Fonte: RASO et al., 2007

2) Executado em duas unidades tonais, o enunciado João / me ligou ontem//. (FIG.9) apresentaria uma unidade de tópico e uma de comentário. Poderia ser executado como resposta à seguinte pergunta:

A: Você tem notícias do João? B: João / me ligou ontem

Figura 9: Perfil entonacional Fonte: RASO et al. (2007)

3) No terceiro exemplo, o enunciado JOÃO / me ligou ontem// seria pronunciado destacando-se o termo João e os autores empregam maiúsculas para indicar a proeminência entonacional. Ressaltam que, neste caso, também, há duas unidades entonacionais (FIG. 10) e, portanto, duas unidades informacionais; a primeira unidade configura-se como uma unidade de comentário e a segunda, como uma unidade de apêndice. Um possível contexto, apresentado por Raso et al. (2007), em que essa execução seria apropriada é o seguinte:

A: Quem te ligou ontem? B: João / me ligou ontem

Figura 10: Perfil entonacional Fonte: RASO et al. (2007)

Em síntese, embora apresentem o mesmo conteúdo locutivo, em cada caso João me ligou ontem realiza diferentes atos linguísticos. Em relação à estrutura entonacional também os três exemplos também diferem:

João me ligou ontem// configura-se como um enunciado simples, possuindo apenas comentário (Figura 8),

João / me ligou ontem//. Estrutura-se como um enunciado complexo possuindo tópico- comentário (Figura 9)

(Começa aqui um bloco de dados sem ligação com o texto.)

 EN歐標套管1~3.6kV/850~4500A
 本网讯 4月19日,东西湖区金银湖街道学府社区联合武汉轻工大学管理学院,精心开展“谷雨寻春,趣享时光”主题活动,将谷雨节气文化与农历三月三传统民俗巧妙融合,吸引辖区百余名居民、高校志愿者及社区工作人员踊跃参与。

JOÃO / me ligou ontem// exemplifica um enunciado complexo com estrutura comentário-apêndice (/Figura 10).

3.6 Considerações finais

Antes de passarmos para o próximo capítulo, faz-se necessário ajustar a lupa, apresentar os pontos básicos que orientam esta pesquisa. Neste capítulo, apresentamos os estudos de Langacker (2000; 2004), de Sinha (2005), de Tomasello (2003) e de Cresti (2000; 2005; 2009), a fim de construirmos o quadro teórico que embasa esta investigação.

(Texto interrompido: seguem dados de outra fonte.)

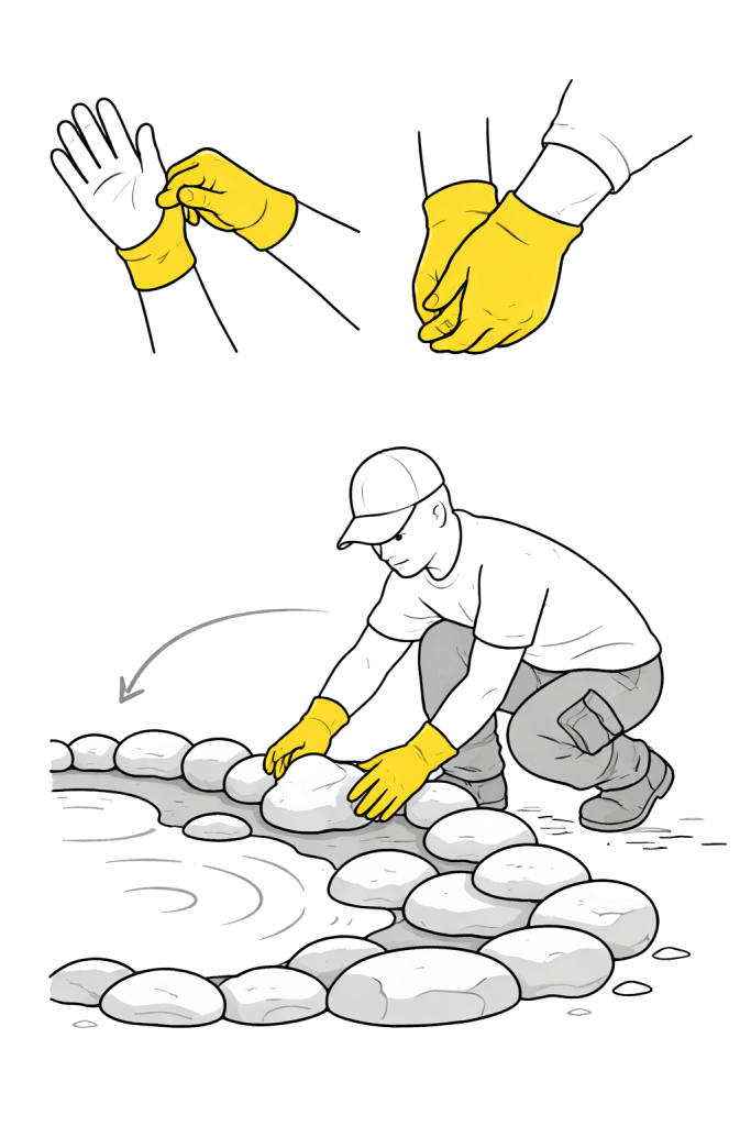 Manos a la obra: trabajar en equipo para dar forma a la base del estanque, acomodando la piedra con calma, atención y colaboración.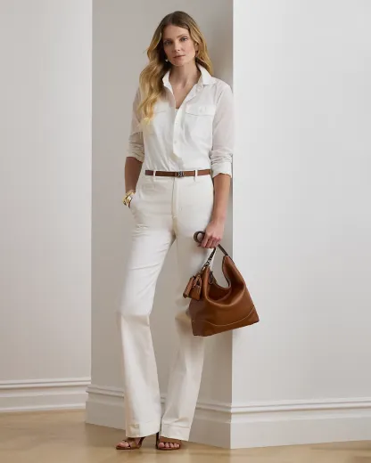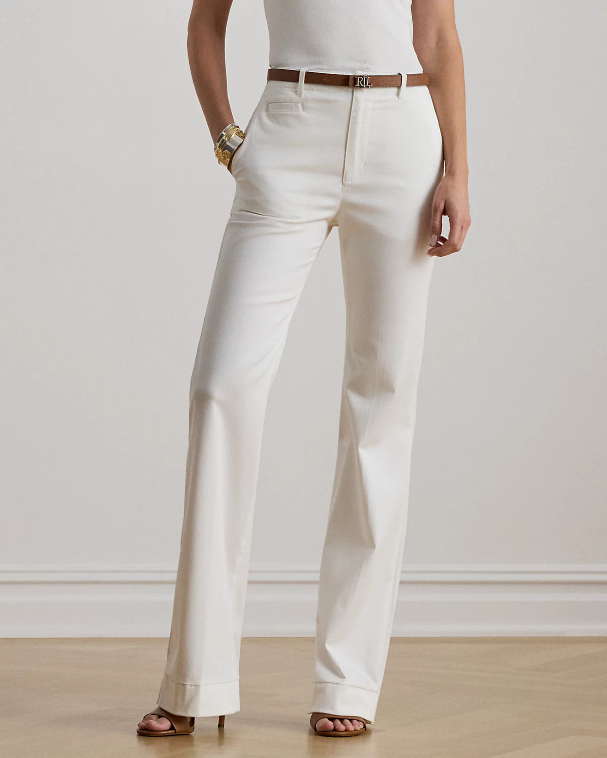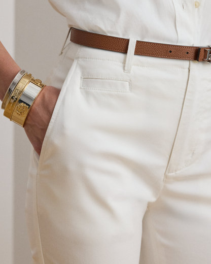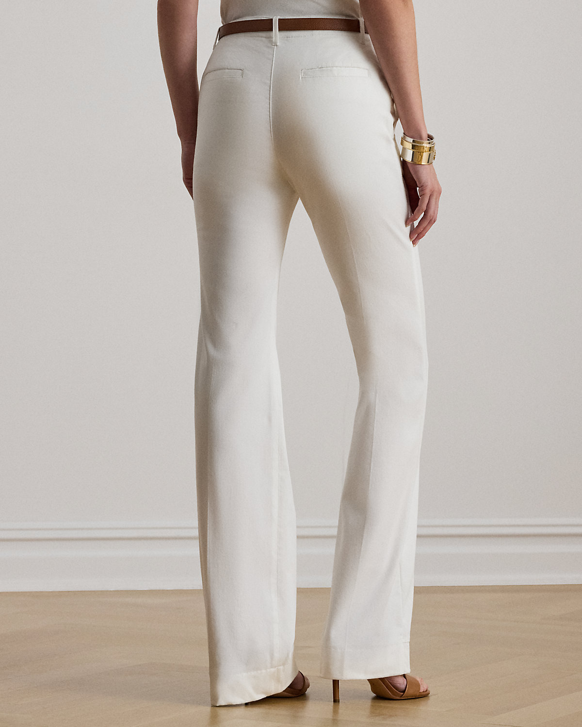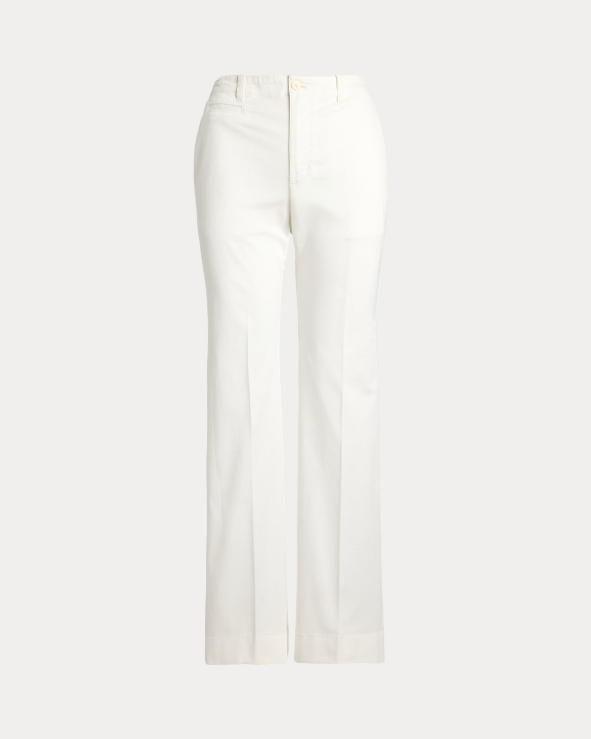 Lauren Ralpthth Lauren’s elevated interpretation of the stretch-cotton chino pant features a high rise and a leg-lengthening flare silhouette complemented by crisp creases.

Partindo das seguintes premissas desenvolvidas ao longo do trabalho:

A referenciação pode ser compreendida como uma atividade cognitivo-interacional praticada por sujeitos sociais em eventos de interação;

A referenciação metalinguística pode ser compreendida como um fenômeno sócio- cognitivo, portanto, explicitada a partir dos processos cognitivos de perspectivação, focalização e gerenciamento de atenção;

Linguagem, cultura e cognição entendidos como fenômenos interdependentes;

Aspectos cognitivos como o gerenciamento de atenção, a focalização e a noção de perspectivação podem ser aplicados para a compreensão de fenômenos da linguagem.

A partir dessas considerações, o próximo capítulo tem por objetivo apresentar aspectos relevantes sobre a interação mediada por computador e apresentar um modelo para explicitar essa interação.

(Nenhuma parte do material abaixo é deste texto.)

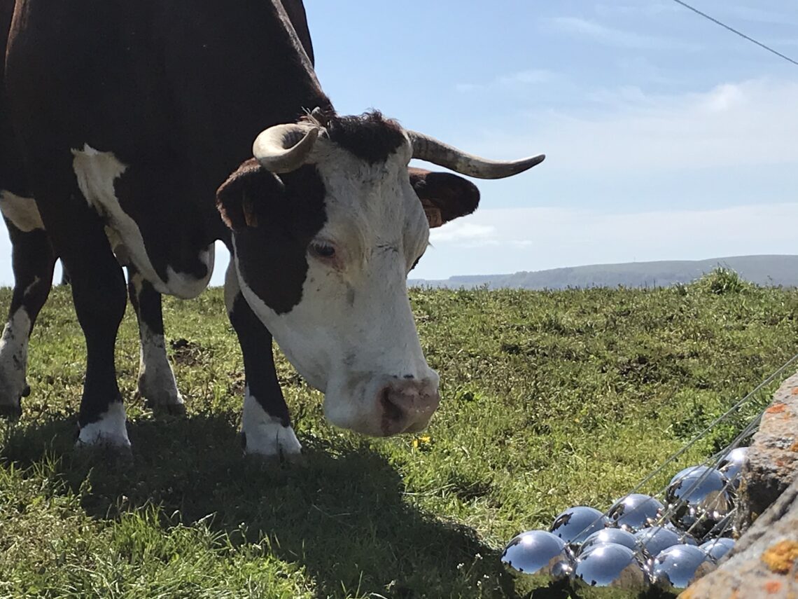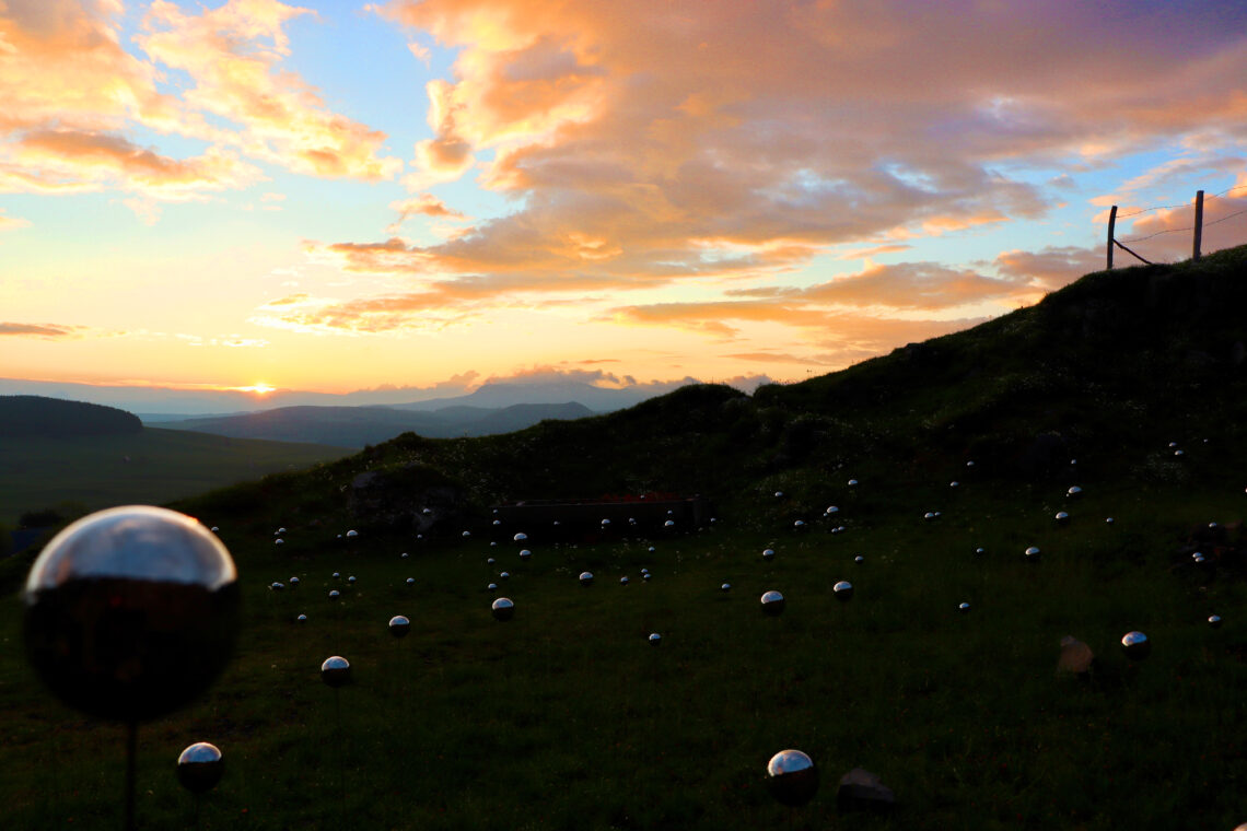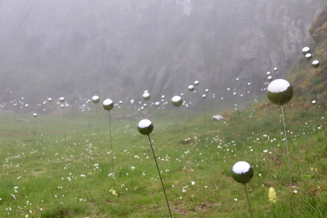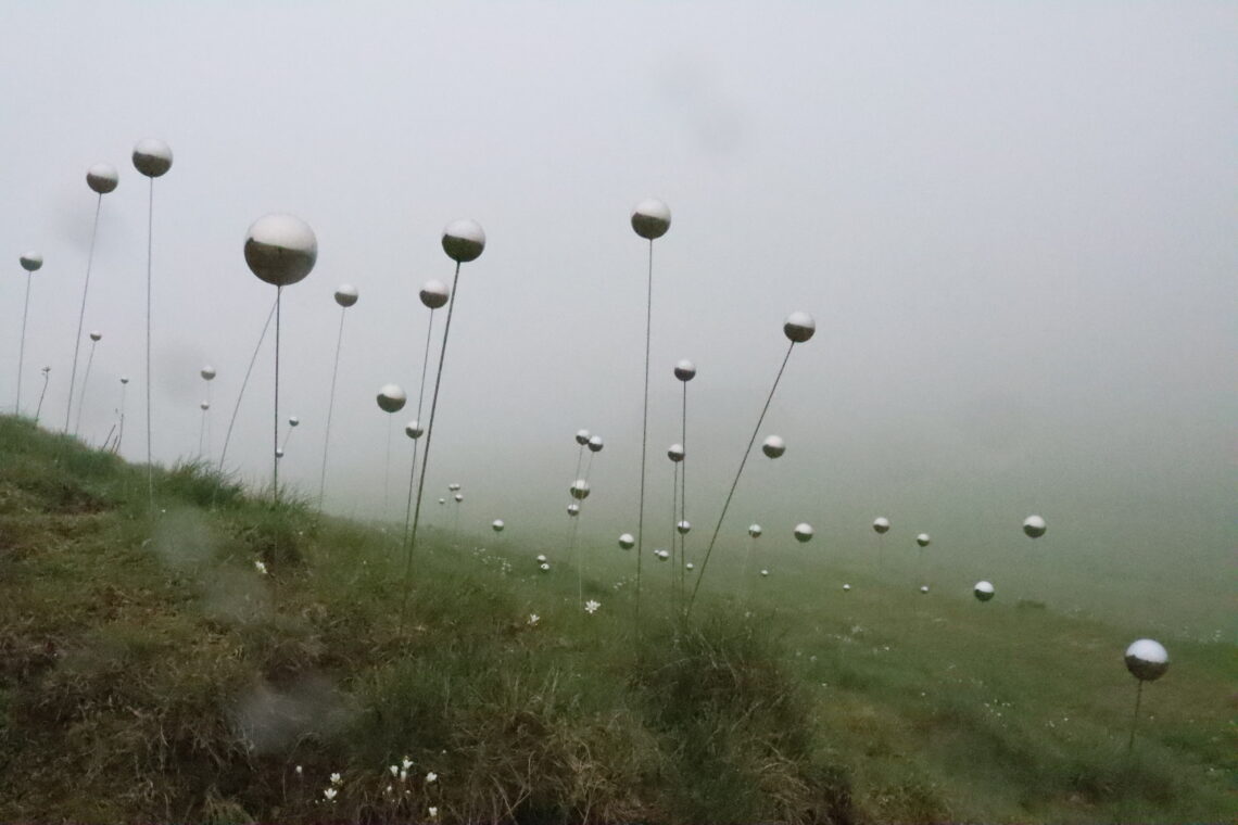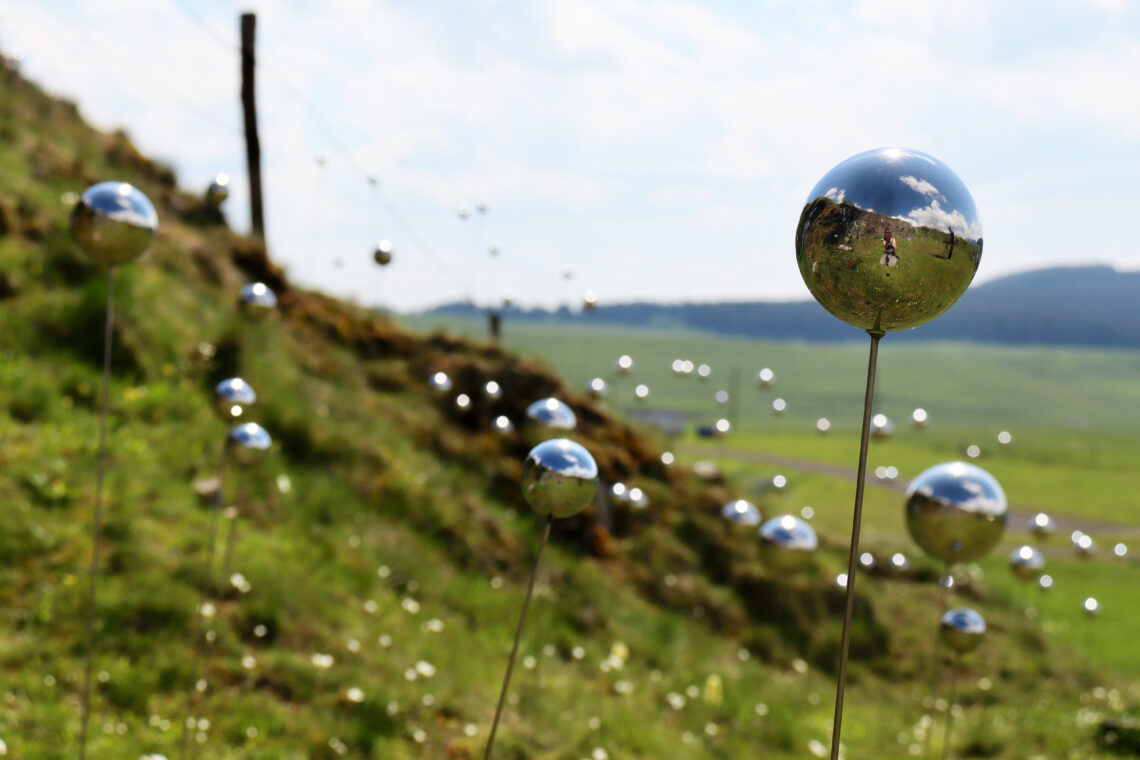 Les boules de qi gong, originaires de Baoding en Chine, sont utilisées depuis des millénaires en médecine chinoise traditionnelle pour rétablir l’harmonie entre l’humain et son environnement naturel. Placées à l’extrémité d’une tige et disposées “naturellement” dans un pâturage, trois cent boules de qi gong anachorètes se transforment en un jardin de fleurs sauvages artificielles qui oscillent au gré du vent.

4 REDES E RELAÇÕES: ORALIDADE, ESCRITA E COMUNICAÇÃO MEDIADA PELO COMPUTADOR

4.1 Introdução

Myyyyy boyfriend q eu amuuu demaizzzzzzzzz...so pa lembra q c e tdd pa mim tah? E agora agnt casaa viu amr?? Casa e tem 3 filhus...hauha t amu d+....tao e sohhh...fuizzzzzzzzzzz

Deparar com o texto acima pode suscitar uma série de reações: podemos argumentar que se trata de um texto típico de adolescente; é possível ficarmos escandalizados, dizer que o internetês está corrompendo “a última flor do Lácio” e, ainda, podemos assumir uma postura investigativa com o intuito de responder a alguns questionamentos básicos: como as tecnologias influenciam na comunicação humana? Até que ponto a comunicação mediada pelo computador difere da interlocução face a face e da interação mediada pelo texto impresso? No que diz respeito à referenciação, a tecnologia influi em algum aspecto?

Crystal (2005) defende que a tecnologia da internet provocou uma verdadeira revolução na linguagem, não só em termos linguísticos, mas também em seus aspectos tecnológicos e sociais. Ressalta, ainda, que um meio de comunicação que tivesse o poder de afetar toda a sociedade não aparecia há dez mil anos e, por isso, não é possível descrever tal comunicação nos moldes tradicionais.

Neste sentido, o objetivo deste capítulo é refletir sobre oralidade e escrita como modalidades não dicotômicas de uso da língua e evidenciar que o computador possibilita o surgimento de uma escrita que se assemelha a um processo dinâmico, uma vez que incorpora a congregação de mútiplos recursos. Além disso, apresentaremos um modelo para exemplificar as interações mediadas pelo computador.